Photo by Deleese Cook on Unsplash
“Who loves ya, baby?” Lieutenant Kojak was fond of asking. As we get older, a better question we should all ask is, ”Who’s going to care for me when I’m too frail to care for myself?”
For those of us blessed with much younger spouses or adult children with whom we still maintain diplomatic relations, the answer is self-evident: Family. For “solo agers” – those among us who live alone, are not in a long-term relationship, and/or have no children – answers are harder to come by.
AARP says solo agers account for 12% of Americans ages 50 and up. At age 65 and older, we’re talking 12 million adults, or 27% of the U.S. population.
Wendl Kornfeld did more than ask the question; she did something about it. Wendl, who among her many sterling attributes happens to be a loyal and generous subscriber to The EndGame, had read in Gail Sheehy’s sequel to Passages about the need to prepare for old age both financially and psychologically. She and her husband were doing more caregiving for their aging mothers at the time, so she decided to begin preparing for her own old age well in advance. By the time she retired in 2013, “I had decided that my retirement job was going to be finding how to be really good at being old.” She also had come to realize that solo agers were at a particular disadvantage.
She addressed the challenges facing solo agers by starting a program called Community as Family. It began with five focus groups for solo agers in people’s homes. A year later her synagogue, Temple Emanu-El in New York City, invited her to bring the program under its sponsorship. “I was thrilled when they invited me,” Wendl says. “It has given the program a higher profile, as well as a higher profile for solo aging.”
This month Community as Family celebrated its eighth anniversary. Prior to Covid, the monthly meetings were held at the temple around a large conference table, with a light dinner. Each meeting provided information and discussion on a topic of concern, followed by time for socializing. A rabbi shares the facilitation duties with Wendl.
Familiarity Breeds Bonding
“I call it an educational group, first and foremost,” Wendl says. “The bonus is, if your group meets regularly, you’re going to build ties and supportive relationships with each other. After eight years in my group, for instance, we’re each other’s health care proxies, we sit shiva (Jewish practice of mourning) with each other, we pick each other up from the hospital, we hold house keys for one another, and on and on. The familiarity of seeing the same people regularly helps build bonds.”

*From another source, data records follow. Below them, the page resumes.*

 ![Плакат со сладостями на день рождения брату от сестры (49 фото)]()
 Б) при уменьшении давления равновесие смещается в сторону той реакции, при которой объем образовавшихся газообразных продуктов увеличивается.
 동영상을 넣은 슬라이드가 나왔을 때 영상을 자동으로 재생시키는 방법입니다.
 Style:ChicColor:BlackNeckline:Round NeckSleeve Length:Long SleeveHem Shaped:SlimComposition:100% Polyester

Based on the success of Community as Family, Wendl has advised dozens of organizations on how to replicate the program. She has written a starter guide on how to facilitate a group, including ice breakers to start conversation flowing. She has also shared basic forms she has created to help participants organize all the important details and vital information about their lives. “The program is a way to bring attention to the needs of solo agers, to realize it’s a demographic much larger than anybody realized until recently.” Also, she adds, “it has a lot of potential for organizations who want to better serve this demographic.”
It's a simple but effective program. The guiding principles spell ART:
Anticipate getting older – beginning in your late 50s if possible, so you don’t wake up in crisis mode.

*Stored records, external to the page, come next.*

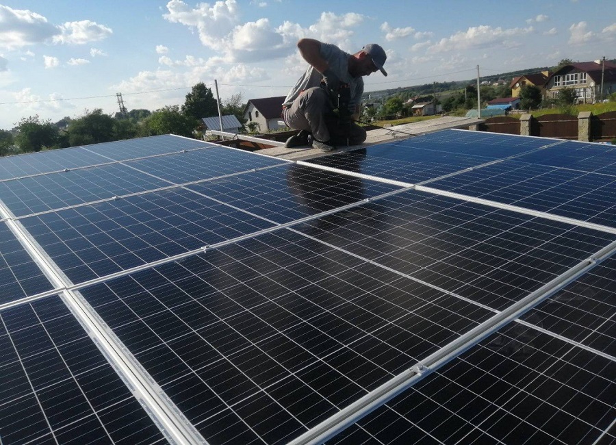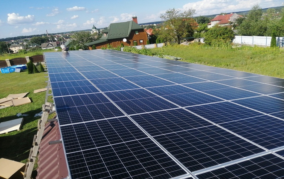 Встановлення мережевої сонячної електростанції в смт Шкло, Львівської області. Використані сонячні панелі LONGi LR5-72HPH-545M, замонтовані на наземній металоконструкції, стійки конструкції забетоновані, матеріал конструкції - чорний метал, оброблений та покрашений. Конструкція виконана у вигляді навісу. Мережевий інвертор Huawei SUN2000-20KTL-M0 забезпечує якісну роботу всієї системи та дозволяє як користуватись будинку згенерованою електроенергією, так і генерувати надлишки в мережу.
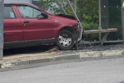 Bursa'nın Yıldırım ilçesi 75. Yıl mahallesinde kontrolden çıkan bir otomobil, otobüs durağına çarparak durabildi.
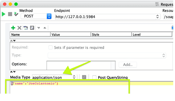 6. In the text box next to the Media Type, enter the JSON that you want to post. Let’s keep things simple and construct a JSON value with simply one string name/value combination.
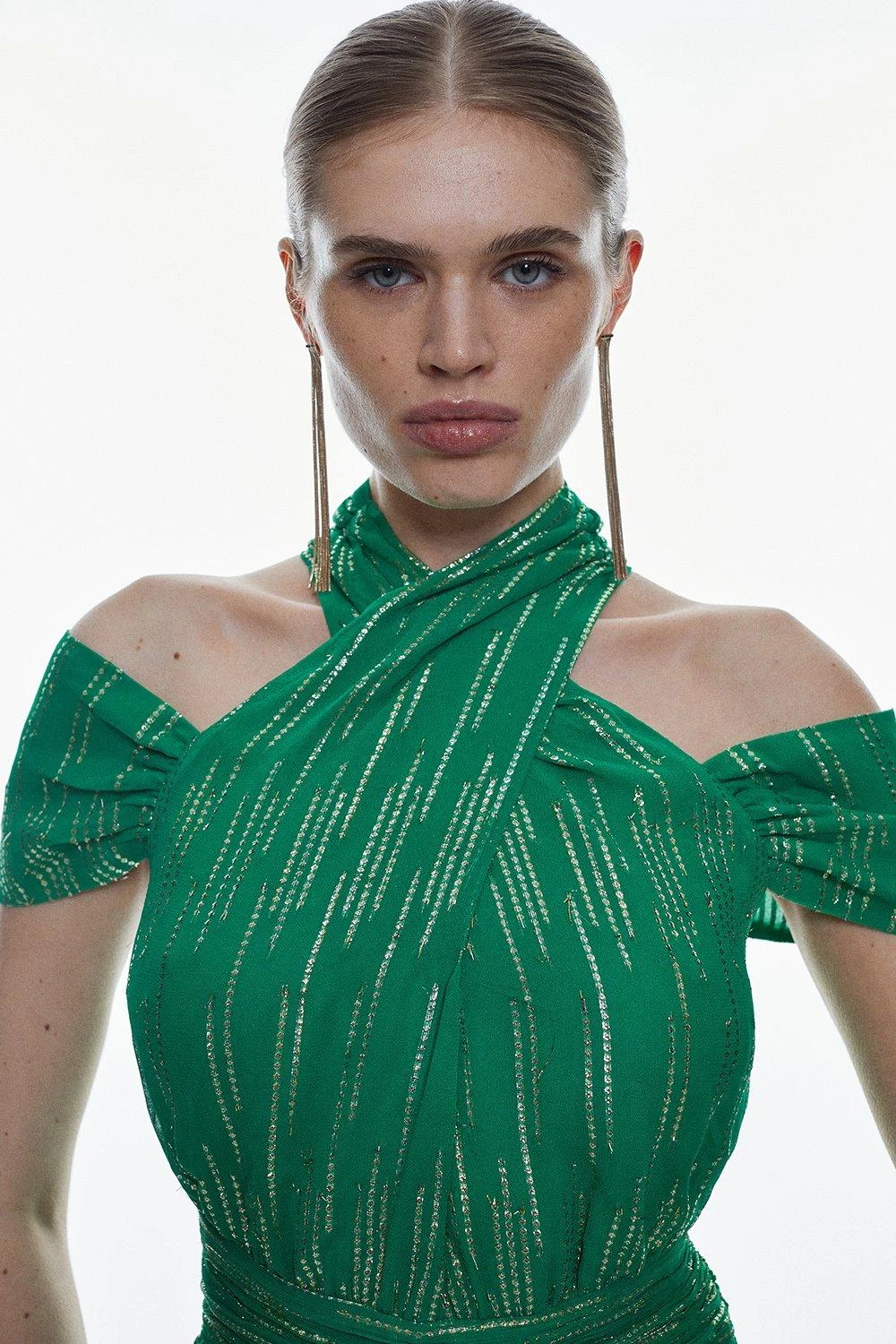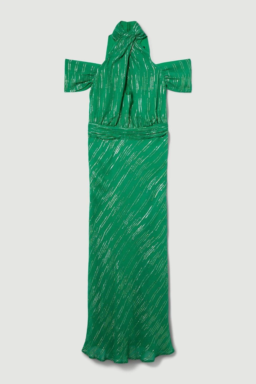 ain:94% Viscose/ Rayon, 6% Metallised fibre/ Metallic fibre, Lining 100% Polyester. Cool iron on reverse, Do not bleach, Do not tumble dry, Hand wash inside out. Model wears UK 8. Centre back length 140cm.
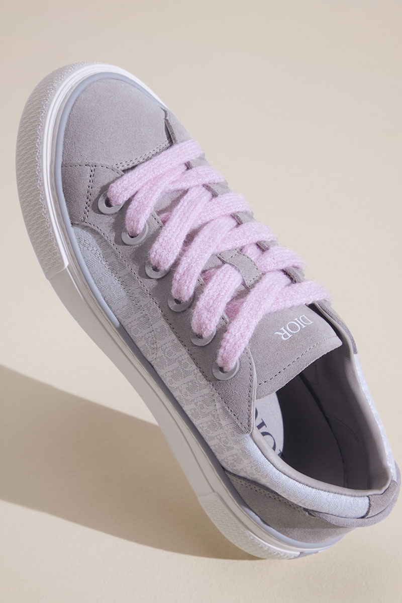 Pero basta sobre hablar de la zapatilla y no hablar de su estilo. La nueva silueta B33 de Dior Tears se presenta como una zapa de skate de estilo retro; de caña baja, puntera redonda y líneas extremadamente limpias. La magia está en los materiales, porque a parte de ser un ejercicio impecable del savoir-faire artesano, son unas zapatillas con texturas muy interesantes. Los cordones se presentan en formato chunky; en mohair y la suela es como las zapatillas clásicas de skate: blanca, gruesa y con refuerzos en puntera y talón (adornados con el Oblique) … un tag de Dior también decora el talón.
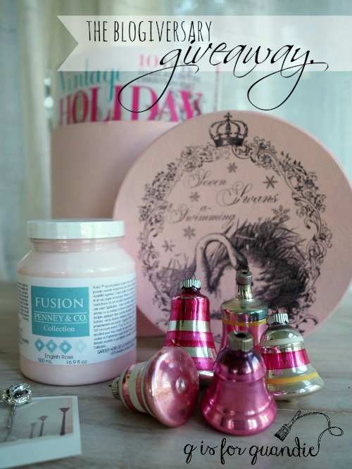 As I mentioned at the start of this post, it wouldn’t be a blogiversary without a giveaway right?! I wish I could just send this gift to each and every one of you, but that isn’t possible so instead I will draw a name at random from the comments left on this blog post by Thursday, November 30 at midnight (U.S. Central time). The winner will receive a Seven Swans a Swimming box, a copy of the issue of Vintage Holiday magazine with a story about my ornament non-collection, a jar of Fusion’s English Rose (provided by Fusion!), five vintage pink bell ornaments (crossing my fingers that they will arrive intact!), and a pretty hair pin I made using a pretty vintage earring. I might find a few other things to toss in as well.
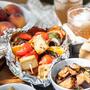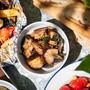 - Die Auberginen waschen und in 2cm grosse Würfel schneiden und in einer Schüssel mit dem Öl vermengen.
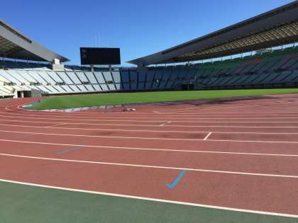 会場に着いて早速アップを始める子どもたち。大きな競技場で思いっきり力を出してほしいです。
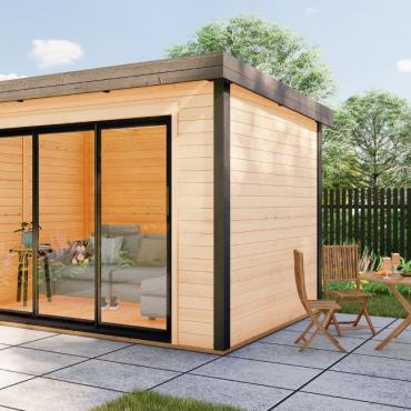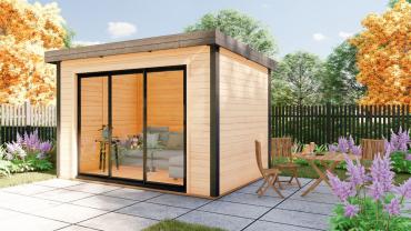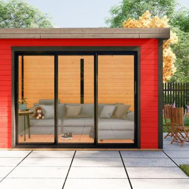 Dārza māja, dārza birojs, vasarnīca, lapene, oranžērija – mūsu jaunā moderno mājiņu sērija ar visplašāko pielietojumu ! Šī gaisīgā telpa ar atbīdāmām stikla sienām ļaus baudīt saules siltumu un vasaras burvīgās smaržas nepieceļoties no sava iemīļotā atpūtas krēsla, vai dīvāna. Tomēr, vēsākos laika apstākļos durvis ir ērti aizbīdāmas, norobežojot no vējiem un aukstuma, bet saglabājot brīnišķīgos skatus uz Jūsu dārzu un apārtni!

Resources – learn which agencies do what and, just as important, learn how they work.
Team – build an “A Team” for yourself from friends, neighbors, and colleagues.
A starting point for every group is “to get your critical documents in place, because all things will flow from them, and it will give you piece of mind so you can really go out and enjoy these years.” She includes the last will and testament, health care proxy, advance medical directives, and financial power of attorney. The financial power of attorney is the hardest for many people. “If you don’t have family members, you have to give someone else a lot of power over your finances,” she explains. “That requires tremendous trust.”

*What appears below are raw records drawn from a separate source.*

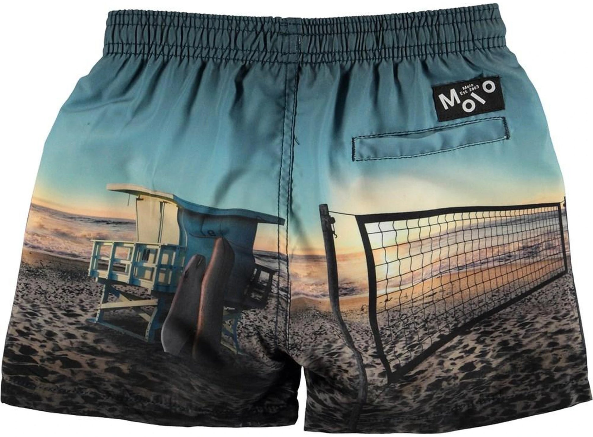 Niko is a pair of swim trunks with a tie at the waist and the ‘On The Beach’ print. They are comfortable and easy to move around in. Molo’s swimwear has a 50+ UV protection. Mix and match with the season’s rash guards for extra protection.
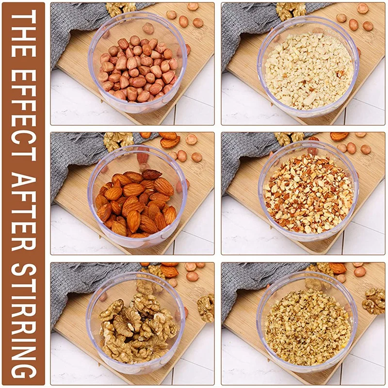 Ореховая шлифовальная машина для всех орехов: отлично подходит для измельчения миндаля, филбертов, арахиса, пекана, грецких орехов и других типов орехов; Посыпать на хлебобулочные изделия, десерты, салаты и многое другое. В то же время, это измельчитель специй, он также может нарезать имбирь и чеснок.
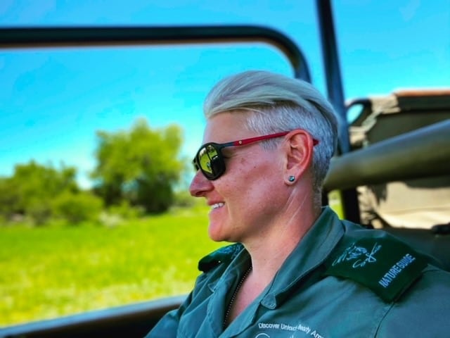 Born in South Africa, I grew up on a farm in Limpopo Province, close to the Kruger National Park. My love for the South African bush began at a young age. After high school, I moved to Johannesburg to pursue a career in the city. Working and living in the concrete jungle, I always felt like something was missing in my life. Finally, after 21 years, I decided to give up city life for the bush. I enrolled in an Apprentice Field Guide program at Limpopo Field Guiding Academy (LFGA), a FGASA endorsed institution in the Dinokeng North Game Reserve. I remember showing up only to discover that I was the oldest female amongst the young students. “What did I get myself into?” I wondered.
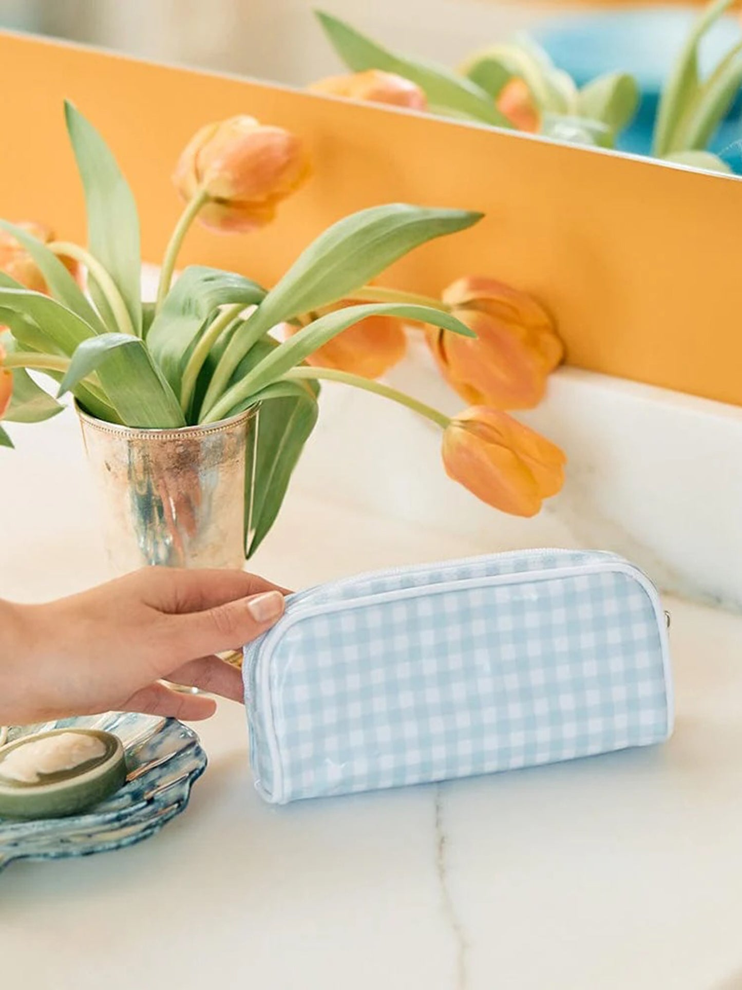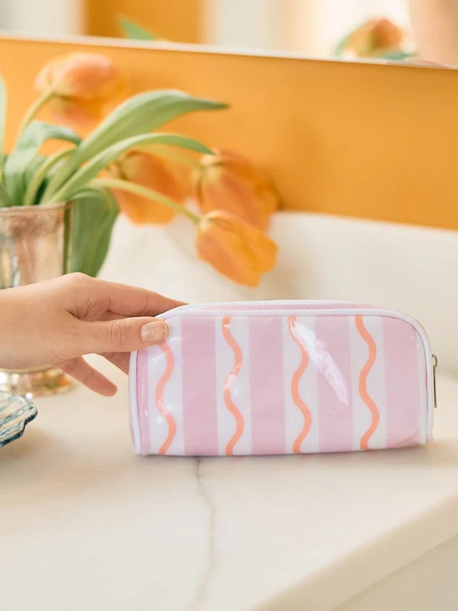 This mini, patterned toiletry bag is made from a coated EVA material with a water-resistant lining.

For others seeking to emulate the Community as Family model, she identifies several critical lessons for success. “Stick to the principles. Don’t become group therapy. Don’t become a ‘village’ where you’re doing chores for other members.” The group needs a strong facilitator who models courtesy, respect, and confidentiality and makes sure everyone is heard. But the facilitator doesn’t have to carry the load alone. She suggests asking active group members to take turns researching topics for meetings.
Starting the program was a natural outgrowth of Wendl’s personality. “I love people,” she says, “and making friends comes as naturally to me as breathing.”
What she has created can be a literal lifesaver for solo agers. Everyone needs an A Team to give them an assist when they need it most. If family isn’t the answer, Community as Family provides a nearly natural way to create your own.
You can learn more about Community as Family by emailing Wendl at wendlkornfeld1@gmail.com.
Another powerful article, Don. Thanks for introducing me to Wendl (virtually here). Her Community as Family concept adds to my ideas for how to age with support. When your Subject line read "Make Your Own", I thought you were going to write about the approach my husband and I are working on -- of effectively adopting younger people to be our kids to guide us as our abilities dwindle. I don't expect to see any dwindling for several decades to come, but we want to get things in place sooner than later anyway.
Bravo, Wendl and Don!
Thank you so much for the opportunity to talk about Community as Family, Don. A beautifully done write-up, and I look forward to continuing to learn from you and your readers. Wishing you all a safe 2023, positively engaged in community!